Monday, November 7, 2016

I hate.....

Pre-warning, strong language used and a sensitive topic.

I sometimes hate this journey that I'm on, that I don't have anywhere to run so I don't have to deal with my deeper issues.  I especially hate that this is how my day starts to control the pain, the panic, the sleepless nights, the nightmares, the depression, the way my brain works, and feeling like I'm powerless to stop it.



I hate the stigma that stands against mental illness. I hate the way people feel burdened when I express the way I feel and why I feel that way, or why I don't know what's causing it this time.  I hate that I feel I need to hide how badly it can feel sometimes, because it matters more that I make others comfortable than be able to just fall apart.


When I am doing what it takes to get to get there, please don't look at me as if I'm "less-than." Please trust me when I say that this is not a choice, it is not me choosing to wallow or suffer when "there are things that I could do to make me feel better."


  • They say to run
  • To get outside and get sun
  • They say I'll find things that will make me smile
  • That I'll feel better after a little while
  • Throw yourself into work
  • Go somewhere new
  • Religion: just pray more
  • Hang out with friends
  • Eventually what's hurt will mend. 


That may be true for you, and that's fantastic. I'm glad you've found how to keep your demons at bay, that you do not feel like there is a hole inside of you, sucking any joy and regurgitating it back into your bloodstream as despair and self-doubt and rage. What you must remember, however, is that I am not you. I will never "learn" to be like you. These things will not work for me because I have tried everything you're telling me.

For me, enacting your techniques turns into obsessive running away, where if I'm reminded of what I'm running from, I will throw myself more into my fix: relationships, work, exercise, travel, spending money, going out and drinking, compulsive baking to give to friends so that they validate me.

I have to deal with this in a more extreme way because my body does not have the proper climbing tools to tackle my mountain. Everyone has their mountains to climb; some people are missing a rope; some people are missing a jacket; some people are missing a guide; some people are missing food; some people are missing so many things they don't even know how to begin to climb their mountain. I'm missing a tent, a pick, safety rope, and shoes. If I naturally had these, it might be a different excursion. I have got to find these tools and find them my way so that when the time comes, I can use them instead of tumbling back down to base camp.



For those who do not understand my analogy above, my chemicals are not balanced. I am "off", and maybe I am a freak, but there is nothing you can call me or say that my brain hasn't a million times already.

Bitch.
Emotional piece of shit.
Worthless.
Stupid. 
Why can't you figure this out, you idiot.
Get over it.
Stop feeling this way.
Dumbass, you lose everything.
No one wants you around when you're miserable.
Freak.
Neurotic.
Emotional wreck. 
You shouldn't feel like this; something's wrong with you.
You're not really depressed you're just seeking attention.
Why are you so needy?
You're disgustingly fat.
Everyone can handle life, why can't you?
You haven't heard from them, so they're probably dead; shouldn't you have prevented it?
Why can't you get your shit together?
Damn, you suck at everything.
Why can't you control yourself?
Stop worrying about the little stuff
But remember if something goes wrong it's your fault because you're a failure.
You deserve this, you know.
How you feel is punishment for anything you've ever done wrong.
God, what is wrong with you?
Your crap is less important-why don't you help someone for a change?
Look, others have it worse, okay? Be grateful that your feelings are your only problem.
Stop crying, it's not that bad.
You did this to yourself.
Why can't you just be happy?
If you were normal you wouldn't need meds.
You ruin everything.
You're so freaking clumsy.
You are the worst, no wonder no one wants you.
Who would want to deal with someone as broken as you?
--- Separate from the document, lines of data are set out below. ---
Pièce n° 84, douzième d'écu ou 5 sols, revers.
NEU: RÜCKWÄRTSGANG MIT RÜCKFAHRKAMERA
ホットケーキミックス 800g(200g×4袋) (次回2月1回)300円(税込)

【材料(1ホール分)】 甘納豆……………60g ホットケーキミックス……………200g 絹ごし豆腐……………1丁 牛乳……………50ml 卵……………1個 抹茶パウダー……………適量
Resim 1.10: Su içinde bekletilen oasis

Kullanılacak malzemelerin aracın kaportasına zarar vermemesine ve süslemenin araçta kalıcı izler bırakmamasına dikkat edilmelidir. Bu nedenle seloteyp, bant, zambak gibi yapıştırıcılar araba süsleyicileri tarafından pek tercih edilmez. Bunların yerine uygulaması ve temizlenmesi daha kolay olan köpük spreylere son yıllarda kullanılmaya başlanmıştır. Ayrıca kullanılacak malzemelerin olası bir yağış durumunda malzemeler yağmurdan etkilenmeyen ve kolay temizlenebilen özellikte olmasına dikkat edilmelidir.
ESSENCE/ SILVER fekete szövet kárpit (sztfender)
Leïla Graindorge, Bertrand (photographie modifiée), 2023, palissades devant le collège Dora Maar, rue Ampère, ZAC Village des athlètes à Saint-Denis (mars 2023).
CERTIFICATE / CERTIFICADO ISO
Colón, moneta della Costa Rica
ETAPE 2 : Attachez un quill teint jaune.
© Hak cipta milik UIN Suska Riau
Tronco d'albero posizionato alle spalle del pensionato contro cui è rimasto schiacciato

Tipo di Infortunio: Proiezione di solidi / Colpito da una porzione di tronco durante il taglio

This is my inner voice. This is the one I hear the most, when I'm alone, when something is upsetting me, when I'm thinking of how to react. My inner voice does not tell me it's okay. She doesn't comfort me, or tell me the good things about me. She kicks me when I'm down with her steel-toed boots and throws dirt in my eyes so I can't see the light. She needs to be fixed, because she's the one who absorbed other's words about me when I tried to act like they didn't affect me.
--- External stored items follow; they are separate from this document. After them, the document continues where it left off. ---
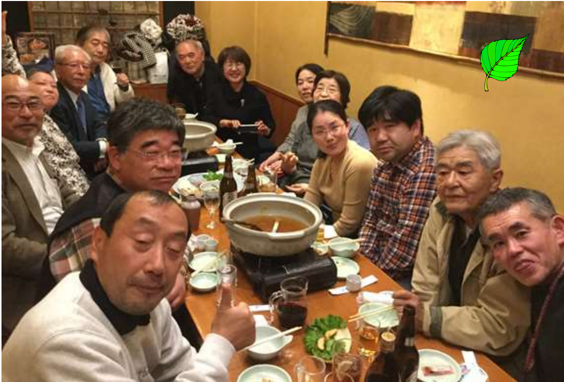
「庄や八重洲口店」で出来上がりの面々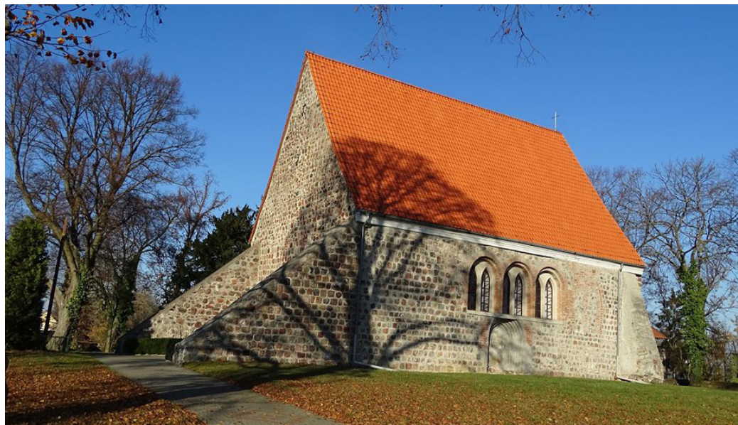
Urokliwy, zabytkowy kościółek w Będargowie w jesiennym, listopadowym słońcu.

Wydawca: Gmina Kołbaskowo. Drukarnia: Soft Vision. Redakcja: Jarosław Dworzyński. Kontakt: Urząd Gminy Kołbaskowo, 72-001 Kołbaskowo 106. Mail: gazeta@kolbaskowo.pl . Redakcja nie zwraca niezamówionych materiałów.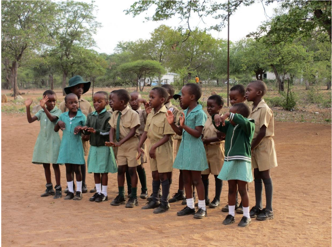
Manama Primary School, första klassen sjunger en rörelsesång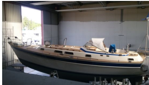
Spieglein, Spieglein an der Wand .....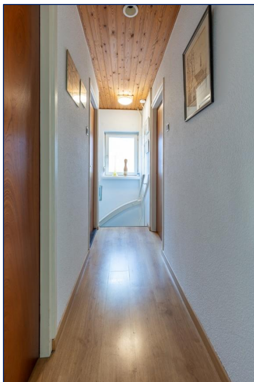
Overloop | Slaapkamer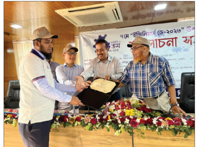
ডিপিডিসি আয়োজিত সেবা সপ্তাহ ২০২৩ এর উদ্বোধন অনুষ্ঠান

Meet that the part of a book that has spoken more deeply to me than anything I've ever read before:



I hate that others feel like they can pass judgement on me; they think I am weak, a freak, that my future is bleak, that I will be meek and submissive ... excuse me if I become dismissive, I get enough of that from myself.
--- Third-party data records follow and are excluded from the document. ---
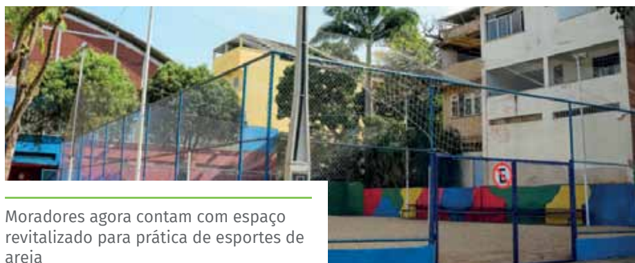
Moradores agora contam com espaço revitalizado para prática de esportes de areia

Neste ano, a Prefeitura de Cachoeiro também já entregou as reformas das quadras poliesportivas dos bairros Caiçara, Basileia, IBC e Paraíso. Além disso, está investindo em novos espaços esportivos. Estão em andamento obras de construção de campos de futebol society nos bairros Rubem Braga e Jardim Itapemirim e no distrito de Conduru, além do Centro de Treinamento de Lutas, no ginásio do Rubem Braga. Na última semana, foi autorizado o início da construção da quadra de Salgadinho, em Soturno.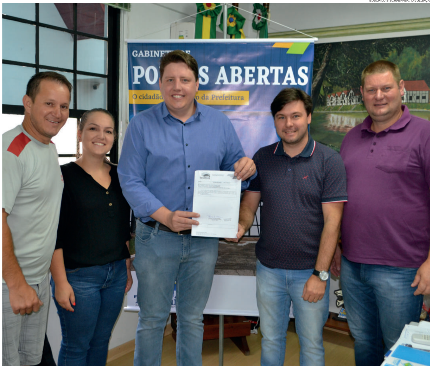
Devolução do recurso foi oficializada nesta quinta-feira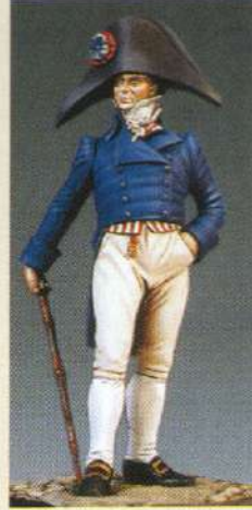
(Ce kit contient un bras droit, une canne et une tête en bicorne afin de réaliser une des deux versions).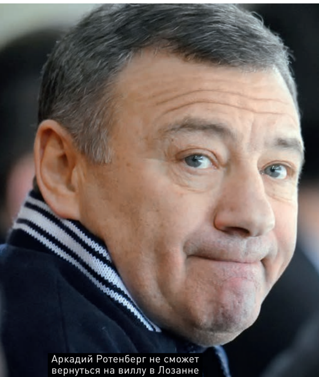
Аркадий Ротенберг не сможет вернуться на виллу в Лозанне

В числе приближенных Кремлю олигархов, обитающих в Швейцарии, в первую очередь называют Геннадия Тимченко ($14,1 млрд). В марте США внесли Тимченко в свой список невыездных лиц как «члена внутреннего круга» Путина. По мнению американцев, Путин имеет непосредственное отношение к деятельности принадлежащей Тимченко компании Gunvor, экспортирующей на Запад российскую нефть. Компания это отрицает. Впрочем, никто не может отрицать, что политическая карьера Путина и рост благосостояния его давнего приятеля шли параллельно.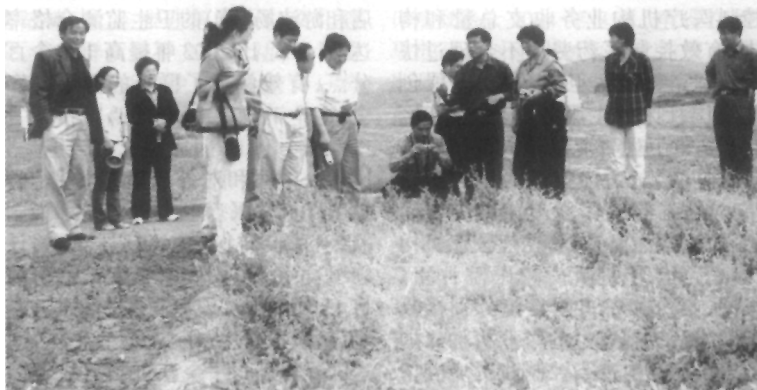
国家科技部专家在陵川县党参、柴胡中药材规范化种植基地考察

【农村卫生工作】 认真学习宣传和贯彻《山西省农村初级卫生保健条例》和省委、省政府《贯彻〈中共中央国务院关于进一步加强农村卫生工作的决定〉的实施意见》,出台了9个政策性配套文件。给35个国定贫困县配发了巡回医疗车。首次实行乡村医生资格考试制度,1.9万人参加了考试。完成了110个县(市、

They don't understand how trauma can be real. They don't comprehend that people process things differently, that what stresses you out doesn't phase me; that what sends me into panic may be an easy task for you. "Normal" is a perspective word. I am not saying I'm normal, I know that my codependency is not normal, but it is common. I understand that depression is not healthy; it is a sickness. I understand that anxiety can be managed without medication, but sometimes, you need medicine. I understand that it may not make sense to you, but do not pass judgement on me for something you don't understand.